WHAT THE TASK ASKS: Retype only what runs from the beginning of the data through the line with "SSW: Mary Ann"; please omit the pictures and keep every line exact.

MATERIAL PROVIDED:
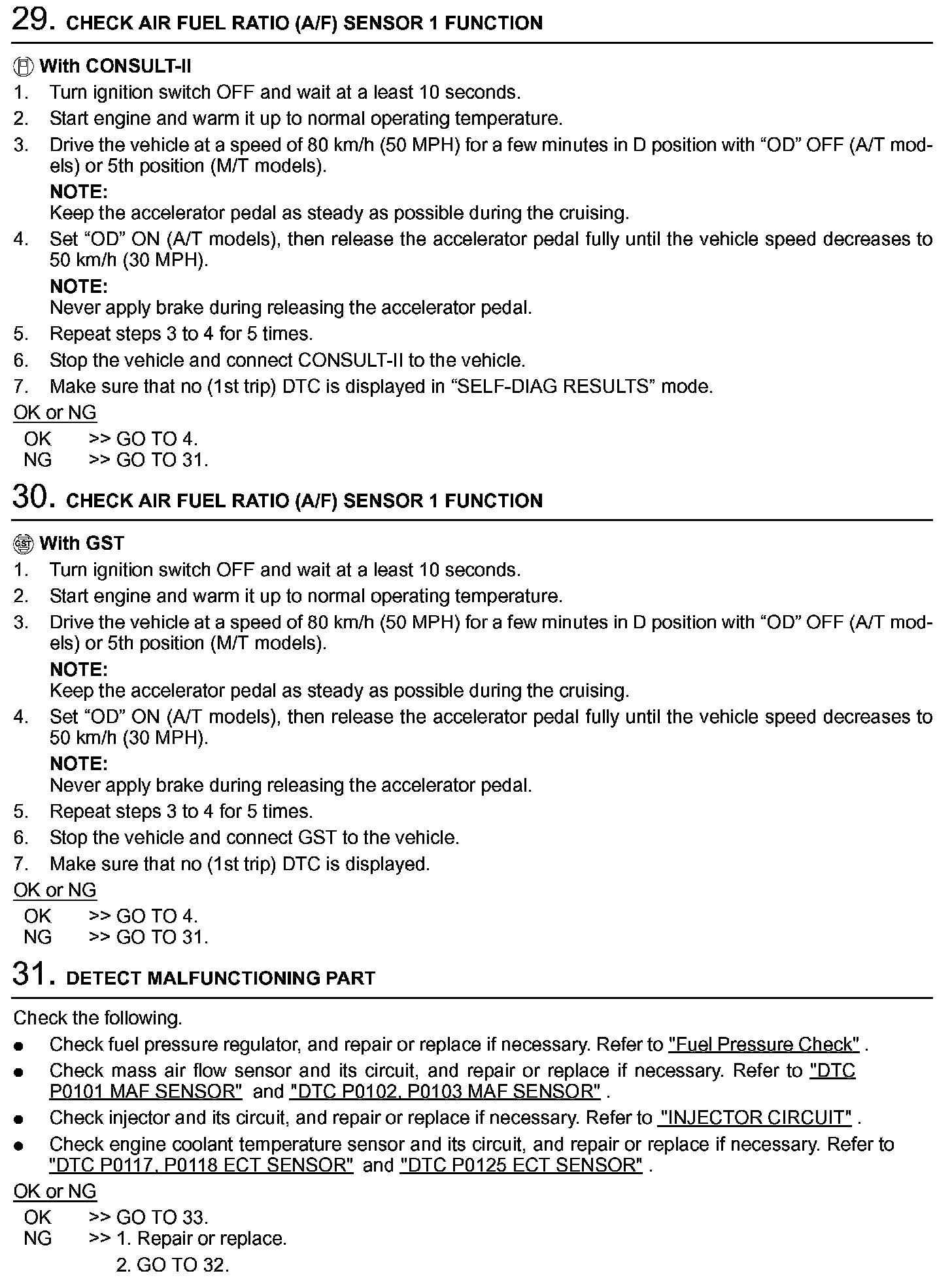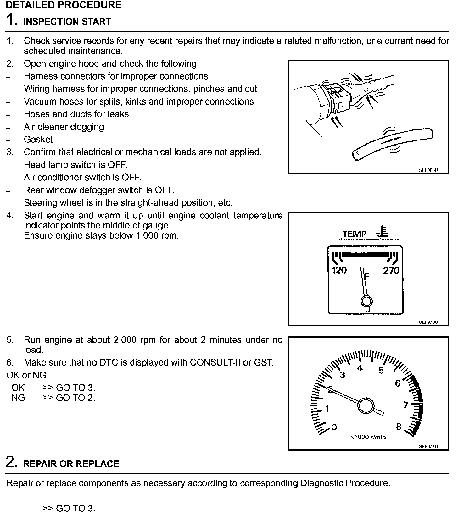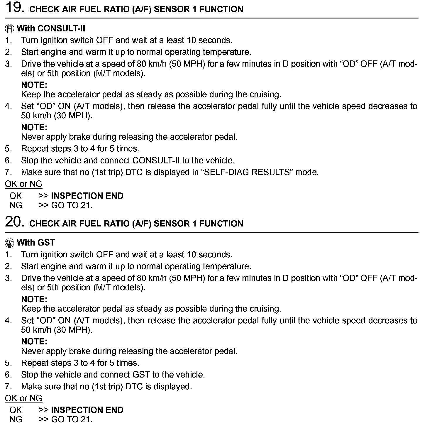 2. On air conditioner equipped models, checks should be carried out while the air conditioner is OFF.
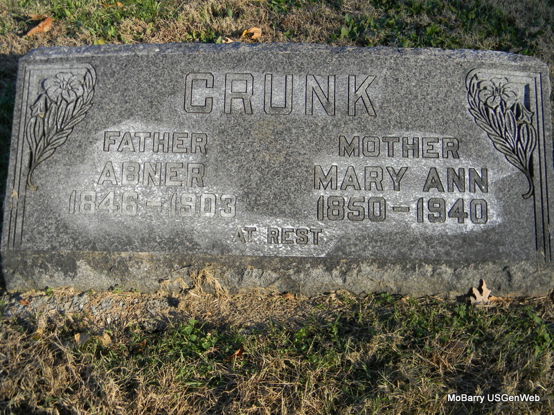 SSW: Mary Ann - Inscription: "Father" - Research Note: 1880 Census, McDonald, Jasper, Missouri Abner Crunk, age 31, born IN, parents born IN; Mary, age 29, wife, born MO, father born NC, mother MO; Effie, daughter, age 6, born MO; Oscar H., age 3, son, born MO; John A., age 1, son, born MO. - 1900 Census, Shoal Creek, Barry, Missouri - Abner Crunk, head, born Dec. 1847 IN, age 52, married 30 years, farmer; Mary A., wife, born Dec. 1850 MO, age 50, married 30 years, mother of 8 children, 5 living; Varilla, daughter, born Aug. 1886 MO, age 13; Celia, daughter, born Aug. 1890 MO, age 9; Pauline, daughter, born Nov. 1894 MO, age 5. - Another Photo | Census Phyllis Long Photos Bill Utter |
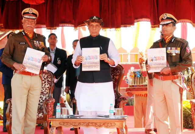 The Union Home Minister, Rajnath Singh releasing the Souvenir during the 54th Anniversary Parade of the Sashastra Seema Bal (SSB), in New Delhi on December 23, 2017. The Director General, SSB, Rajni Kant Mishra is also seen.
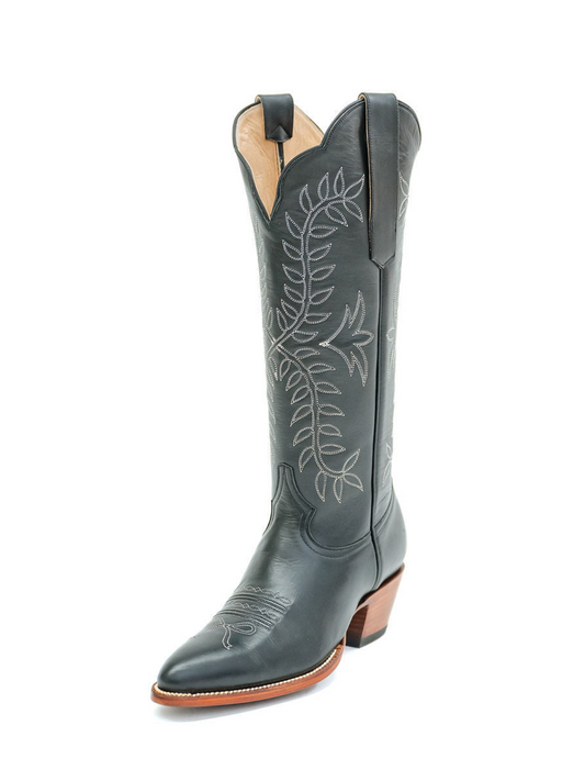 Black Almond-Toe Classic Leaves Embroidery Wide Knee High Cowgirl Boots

EXERCISE RESULT:
 2. On air conditioner equipped models, checks should be carried out while the air conditioner is OFF.
 SSW: Mary Ann - Inscription: "Father" - Research Note: 1880 Census, McDonald, Jasper, Missouri Abner Crunk, age 31, born IN, parents born IN; Mary, age 29, wife, born MO, father born NC, mother MO; Effie, daughter, age 6, born MO; Oscar H., age 3, son, born MO; John A., age 1, son, born MO. - 1900 Census, Shoal Creek, Barry, Missouri - Abner Crunk, head, born Dec. 1847 IN, age 52, married 30 years, farmer; Mary A., wife, born Dec. 1850 MO, age 50, married 30 years, mother of 8 children, 5 living; Varilla, daughter, born Aug. 1886 MO, age 13; Celia, daughter, born Aug. 1890 MO, age 9; Pauline, daughter, born Nov. 1894 MO, age 5. - Another Photo | Census Phyllis Long Photos Bill Utter |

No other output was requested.